Irwin v. Nichols

Wood, J.,

(after stating the facts). The letter which appellant exhibits and makes the basis of his complaint is fatal to his cause of action. We must construe it as a whole, and, considering all of its parts, read it so as to make it intelligible if it can be done. Kelly v. Dooling, 23 Ark. 582; Railway v. Williams, 53 Ark. 58. For we must assume that the author of tiie letter intended that it should convey some meaning. “Words which are omitted by inadvertence from a written contract may be supplied by construction at law, without resort to reformation, if the context shows what words are omitted.” 2 Page on Contracts, § 1125; Richelieu Hotel Co. v. International Military Encampment Co., 140 Ill. 248, s. c. 33 Am. State Rep. 234.

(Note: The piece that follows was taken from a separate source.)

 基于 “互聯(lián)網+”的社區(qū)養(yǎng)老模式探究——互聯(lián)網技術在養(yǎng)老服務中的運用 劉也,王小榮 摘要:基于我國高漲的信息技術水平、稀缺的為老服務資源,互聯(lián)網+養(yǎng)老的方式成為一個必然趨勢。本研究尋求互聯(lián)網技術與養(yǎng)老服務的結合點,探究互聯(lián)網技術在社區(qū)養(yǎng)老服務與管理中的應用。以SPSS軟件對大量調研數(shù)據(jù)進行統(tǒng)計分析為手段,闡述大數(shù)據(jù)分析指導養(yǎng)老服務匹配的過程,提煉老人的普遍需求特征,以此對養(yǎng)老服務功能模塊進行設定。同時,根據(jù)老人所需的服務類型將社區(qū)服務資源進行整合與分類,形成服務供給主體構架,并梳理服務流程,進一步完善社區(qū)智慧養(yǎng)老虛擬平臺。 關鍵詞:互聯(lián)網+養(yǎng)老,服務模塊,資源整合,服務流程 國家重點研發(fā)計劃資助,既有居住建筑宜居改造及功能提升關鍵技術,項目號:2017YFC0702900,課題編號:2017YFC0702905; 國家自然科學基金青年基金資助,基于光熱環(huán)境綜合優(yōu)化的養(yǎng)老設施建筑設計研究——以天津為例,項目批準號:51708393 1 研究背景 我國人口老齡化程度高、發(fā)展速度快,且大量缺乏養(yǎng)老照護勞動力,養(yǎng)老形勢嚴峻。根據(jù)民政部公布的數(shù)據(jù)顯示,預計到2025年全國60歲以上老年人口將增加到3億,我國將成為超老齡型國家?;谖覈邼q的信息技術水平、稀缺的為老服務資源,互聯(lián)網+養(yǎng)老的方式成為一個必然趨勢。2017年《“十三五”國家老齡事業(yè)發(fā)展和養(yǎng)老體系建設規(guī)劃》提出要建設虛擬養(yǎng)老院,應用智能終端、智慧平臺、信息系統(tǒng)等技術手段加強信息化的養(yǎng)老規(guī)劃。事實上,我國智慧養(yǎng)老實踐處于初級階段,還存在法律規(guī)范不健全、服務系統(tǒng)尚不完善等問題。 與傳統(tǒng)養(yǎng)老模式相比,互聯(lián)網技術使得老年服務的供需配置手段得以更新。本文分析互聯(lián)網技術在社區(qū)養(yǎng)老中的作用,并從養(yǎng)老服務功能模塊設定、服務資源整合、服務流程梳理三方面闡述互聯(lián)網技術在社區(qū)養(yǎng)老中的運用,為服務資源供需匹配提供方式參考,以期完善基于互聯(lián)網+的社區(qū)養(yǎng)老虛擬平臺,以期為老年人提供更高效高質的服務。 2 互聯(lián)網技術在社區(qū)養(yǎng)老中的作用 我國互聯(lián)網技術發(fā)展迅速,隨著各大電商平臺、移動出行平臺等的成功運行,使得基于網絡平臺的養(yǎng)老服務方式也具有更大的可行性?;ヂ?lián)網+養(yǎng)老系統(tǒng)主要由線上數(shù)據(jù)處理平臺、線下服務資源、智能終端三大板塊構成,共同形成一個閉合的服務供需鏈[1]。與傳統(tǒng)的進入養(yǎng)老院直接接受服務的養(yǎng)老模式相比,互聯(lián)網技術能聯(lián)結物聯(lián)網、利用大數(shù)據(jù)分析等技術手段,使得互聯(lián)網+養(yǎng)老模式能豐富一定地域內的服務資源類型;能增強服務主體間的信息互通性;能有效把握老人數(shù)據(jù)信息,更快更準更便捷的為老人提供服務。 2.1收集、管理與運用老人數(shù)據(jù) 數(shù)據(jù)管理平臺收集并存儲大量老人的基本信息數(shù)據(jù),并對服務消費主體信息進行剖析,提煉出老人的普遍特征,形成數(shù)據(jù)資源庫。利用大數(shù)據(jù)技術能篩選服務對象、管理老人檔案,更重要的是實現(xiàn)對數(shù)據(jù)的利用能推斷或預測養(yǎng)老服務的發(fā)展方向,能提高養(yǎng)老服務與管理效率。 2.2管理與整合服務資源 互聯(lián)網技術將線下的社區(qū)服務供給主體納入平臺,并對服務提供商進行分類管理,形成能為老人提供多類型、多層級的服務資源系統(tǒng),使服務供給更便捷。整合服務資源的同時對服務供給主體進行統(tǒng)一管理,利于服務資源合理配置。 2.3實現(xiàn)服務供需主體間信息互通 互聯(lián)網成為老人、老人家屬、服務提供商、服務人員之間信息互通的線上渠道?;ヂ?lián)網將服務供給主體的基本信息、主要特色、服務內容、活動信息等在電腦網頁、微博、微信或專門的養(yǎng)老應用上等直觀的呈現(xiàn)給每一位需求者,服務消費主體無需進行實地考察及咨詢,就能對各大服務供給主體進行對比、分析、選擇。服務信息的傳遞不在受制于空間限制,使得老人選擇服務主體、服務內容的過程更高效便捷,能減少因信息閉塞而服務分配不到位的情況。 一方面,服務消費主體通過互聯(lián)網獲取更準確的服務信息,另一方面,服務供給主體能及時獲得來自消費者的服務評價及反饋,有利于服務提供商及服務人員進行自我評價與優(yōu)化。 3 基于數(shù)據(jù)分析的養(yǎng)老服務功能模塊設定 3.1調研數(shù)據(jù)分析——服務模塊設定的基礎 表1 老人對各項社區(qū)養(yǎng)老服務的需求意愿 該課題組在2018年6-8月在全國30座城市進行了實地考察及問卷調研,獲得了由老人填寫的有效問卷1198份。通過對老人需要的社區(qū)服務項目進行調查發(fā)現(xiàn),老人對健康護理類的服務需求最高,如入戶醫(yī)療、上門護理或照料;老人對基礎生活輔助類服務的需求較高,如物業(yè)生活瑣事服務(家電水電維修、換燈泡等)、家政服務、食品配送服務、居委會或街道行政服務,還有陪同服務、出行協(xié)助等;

The omission of the word “not” before the word “promise” is a plain inadvertence, or clerical misprison which the context itself readily and naturally supplies. Otherwise the different parts of the latter are not only contradictory, but absurd and meaningless. No one could read the letter without seeing that the word “not” was intended to be used before the word “promise.” Gran v. Spangenberg, 53 Minn. 42, s. c. 54 N. W. 933; Wallis Iron Works v. Monmouth Park Association, 19 L. R. A. 456; Sisson v. Donnelly, 36 N. J. L. 432; 9 Cyc. 585, note 30.

The court did not err therefore in sustaining the demurrer; and, as appellant did not offer to amend, the judgment dismissing the complaint is affirmed.